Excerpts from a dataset
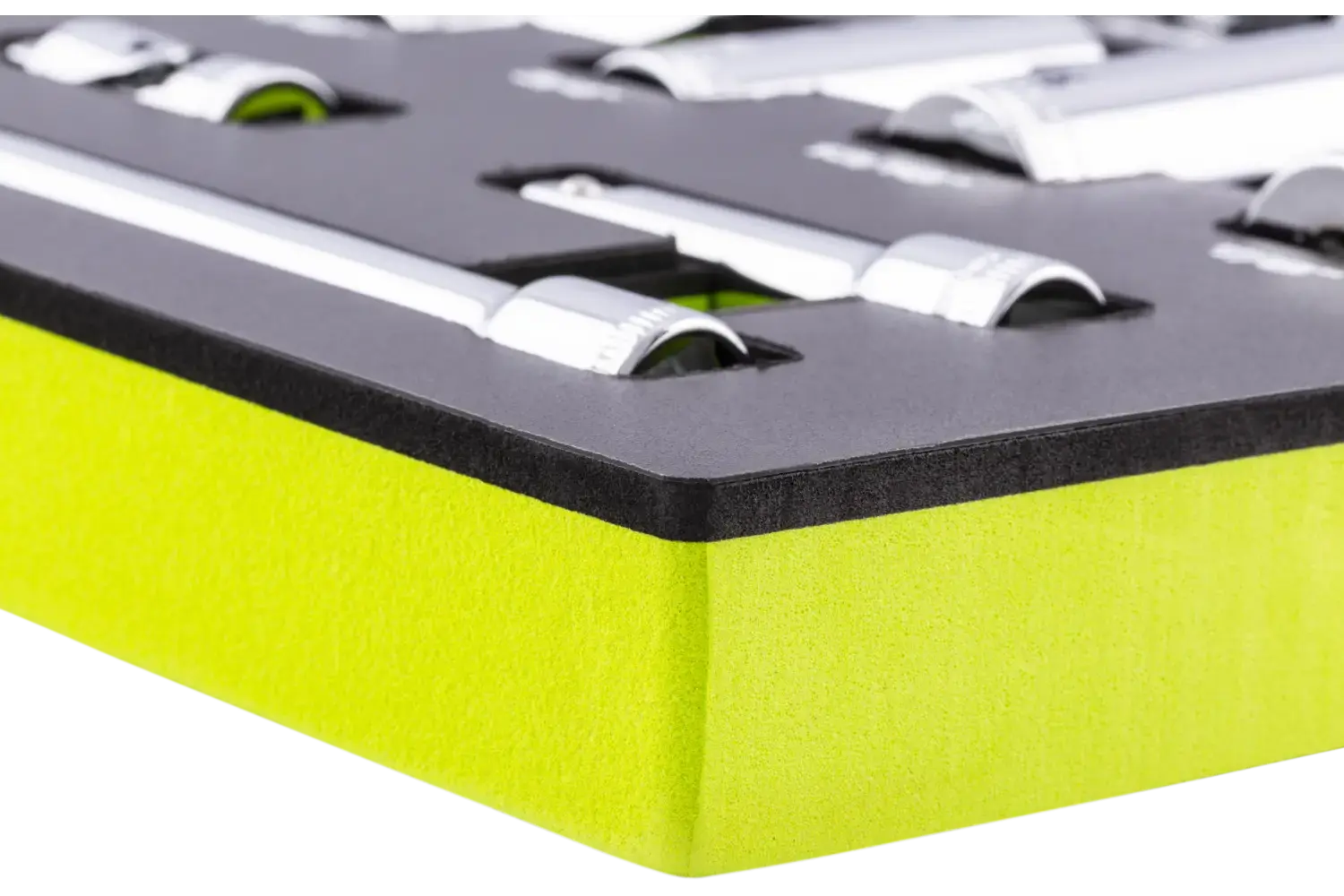 Standard (1/4in, 5/16in, 3/8in, 7/16in, 1/2in, 9/16in, 5/8in, 11/16in, 3/4in, 13/16in, 7/8in, 8mm, 9mm, 10mm, 11mm, 12mm, 13mm, 14mm, 15mm, 16mm, 17mm, 19mm), Deep (1/4in, 5/16in, 3/8in, 7/16in, 1/2in, 9/16in, 5/8in, 11/16in, 3/4in, 13/16in, 7/8in, 8mm, 9mm, 10mm, 11mm, 12mm, 13mm, 14mm, 15mm, 16mm, 17mm, 19mm), 3/8in Drive 90-Tooth Ratchet, 3in Length, 10in Length, 3/8in Drive U-Joint, 3/8in Drive 8in Breaker Bar Chrome 12 Point Standard & Deep 49 PC EVA Foam
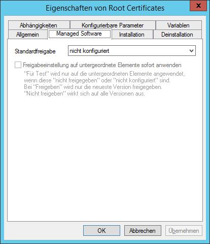 | Freigabeeinstellung auf untergeordnete Elemente sofort anwenden | Vererbt die unter Standardfreigabe getroffene Einstellung auf die unter der Produktlinie befindlichen Produktversionen |
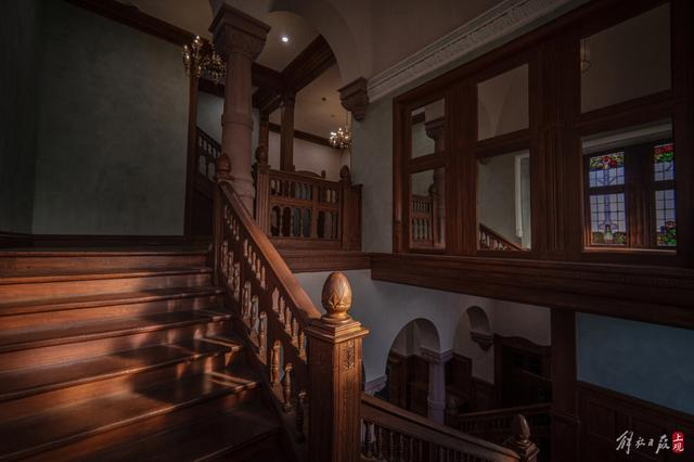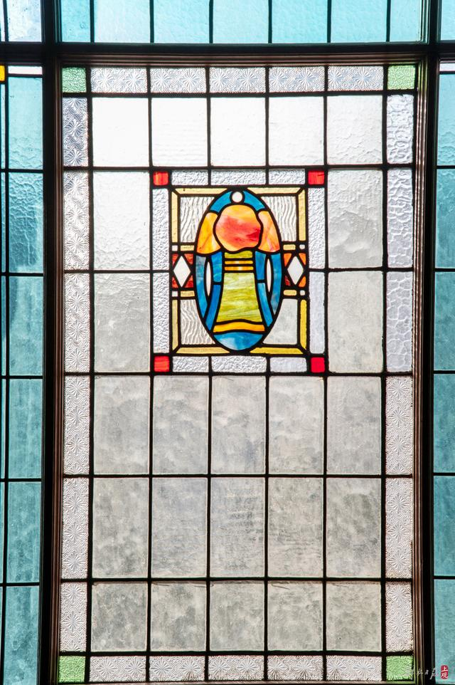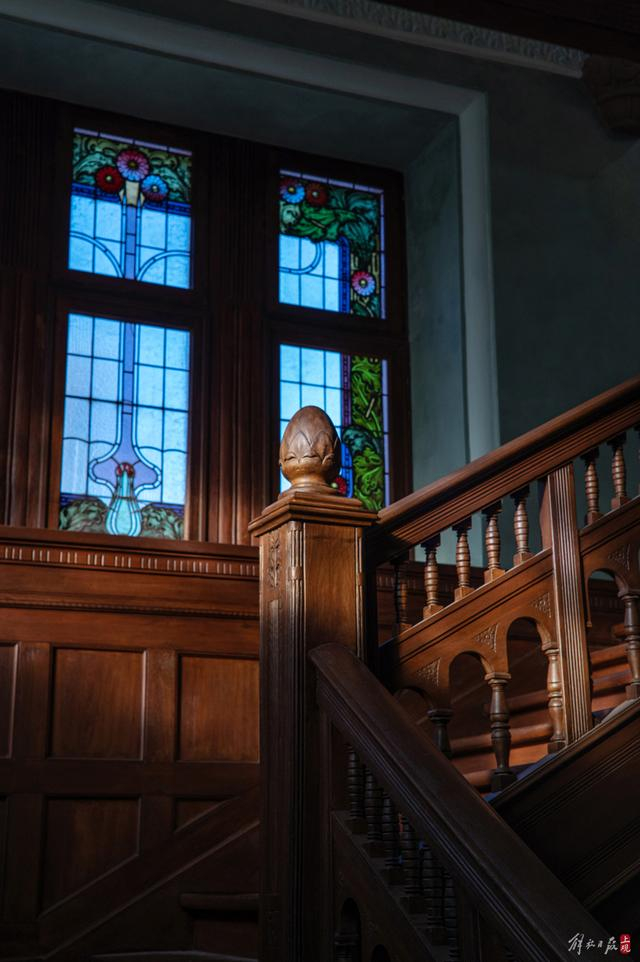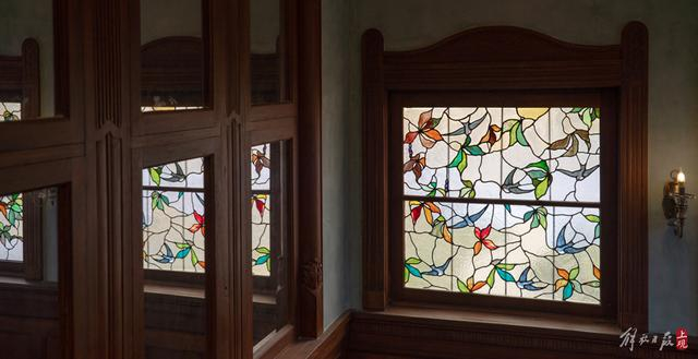 上下楼过道墙面的彩绘玻璃窗经过精细修复,保留部分原来的玻璃,又根据图纸修旧如故,定制同样纹饰的新玻璃相匹配。
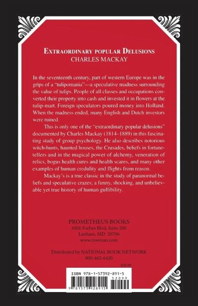 More than a century before Alan Greenspan coined the phrase "irrational exuberance" to describe the speculative bubble inflating technology stocks, Charles Mackay was recording the history of "tulipomania," a speculative madness surrounding the value of tulips in the 18th century that was the ruin of many Dutch and English investors. This is only one of the "extraordinary popular delusions" documented by Mackay in a fascinating study of group psychology. He also describes notorious witch hunts, haunted houses, the Crusades, beliefs in fortunetellers and in the magical power of alchemy, veneration of relics, bogus health cures and health scares, and many other examples of human credulity and flights from reason. This work is a true classic in the study of paranormal beliefs, a funny, shocking, and unbelievable yet true history of human gullibility.
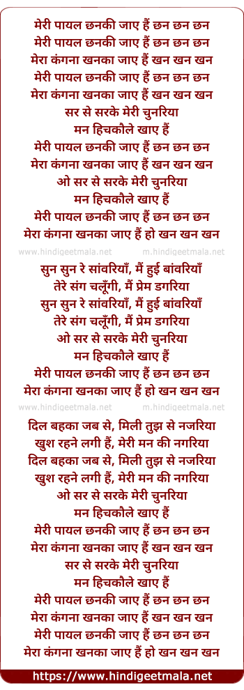 Lyrics of Meri Payal Chhanki - मेरी पायल छनकी जाए हैं छन छन छन
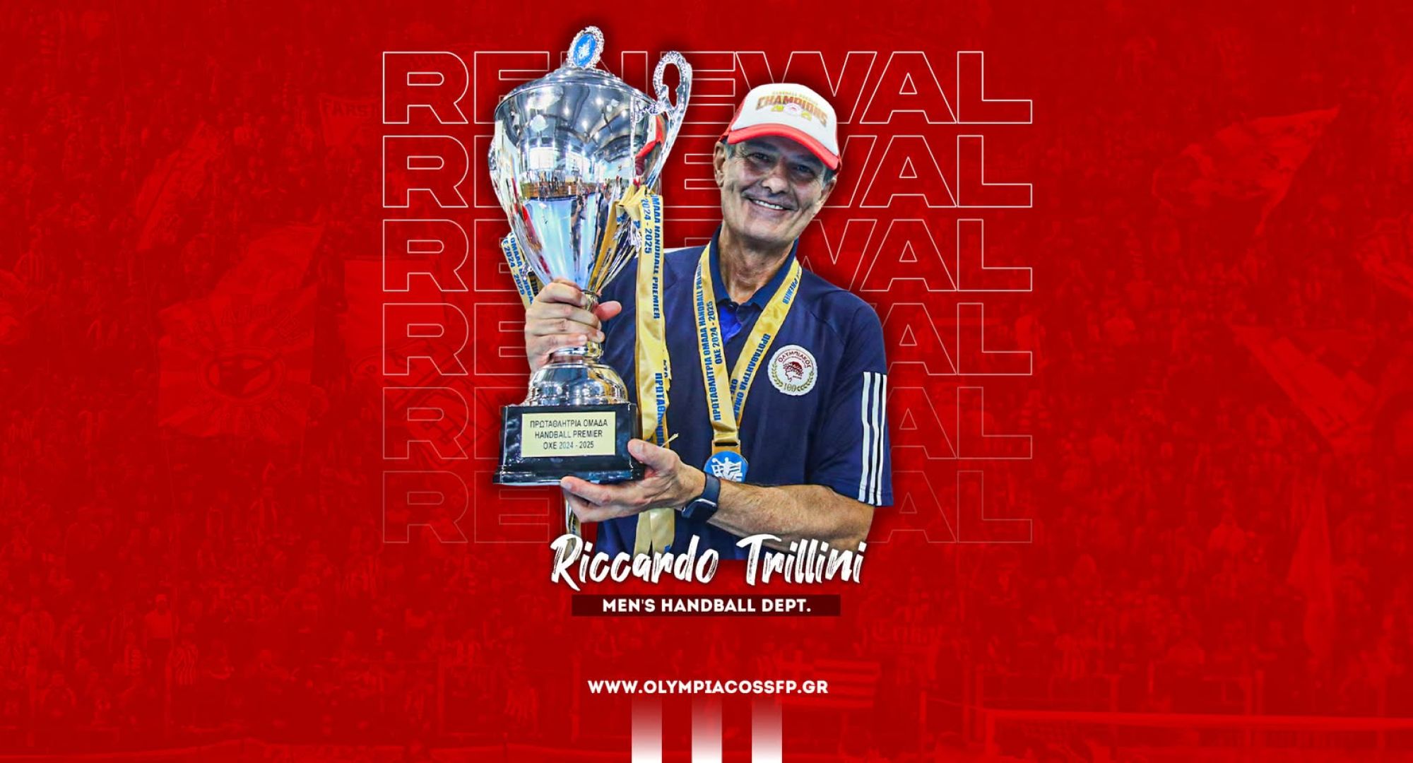 Ο ΟΛΥΜΠΙΑΚΟΣ Σ.Φ.Π. ανακοινώνει την ανανέωση της συνεργασίας του με τον Ρικάρντο Τριλίνι. Ο Ιταλός προπονητής υπέγραψε το νέο του συμβόλαιο και παραμένει στην τεχνική ηγεσία της ομάδας χάντμπολ του συλλόγου.
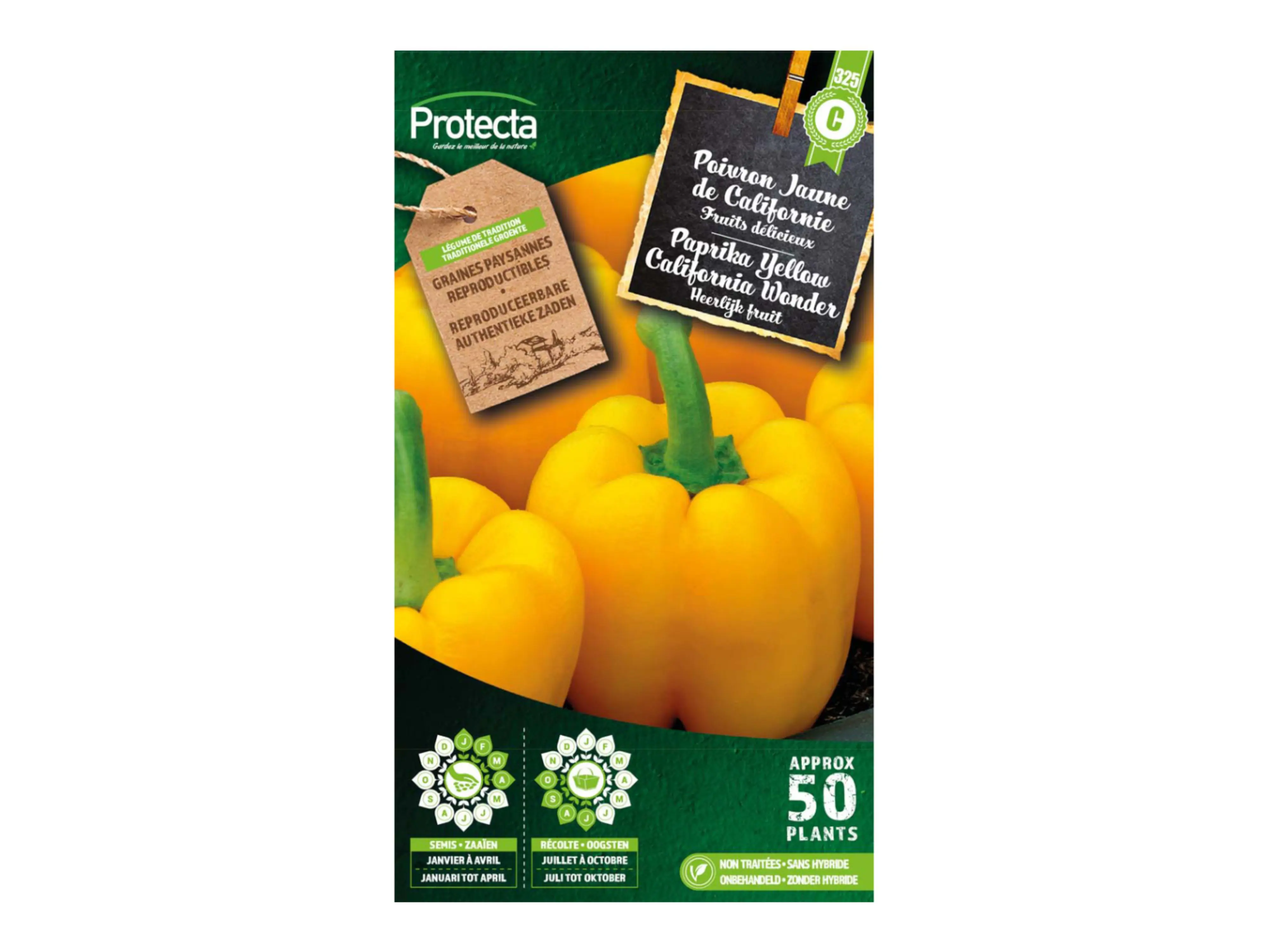 Paprika Yellow California Wonder, un paprika délicieux et sucré avec une belle couleur jaune-orangée une fois mûre. Les fruits fermes et carrés ont 3 à 4 coquilles de graines et une chair épaisse. Solide, productif et idéal pour le jardin ou la véranda.

▶ [TASK]:
Only the lines from the one containing "Ο ΟΛΥΜΠΙΑΚΟΣ Σ.Φ.Π." through the last line of the entries, both included, should be repeated exactly, and the pictures should be left out.

▶ [ANSWER]:
 Ο ΟΛΥΜΠΙΑΚΟΣ Σ.Φ.Π. ανακοινώνει την ανανέωση της συνεργασίας του με τον Ρικάρντο Τριλίνι. Ο Ιταλός προπονητής υπέγραψε το νέο του συμβόλαιο και παραμένει στην τεχνική ηγεσία της ομάδας χάντμπολ του συλλόγου.
 Paprika Yellow California Wonder, un paprika délicieux et sucré avec une belle couleur jaune-orangée une fois mûre. Les fruits fermes et carrés ont 3 à 4 coquilles de graines et une chair épaisse. Solide, productif et idéal pour le jardin ou la véranda.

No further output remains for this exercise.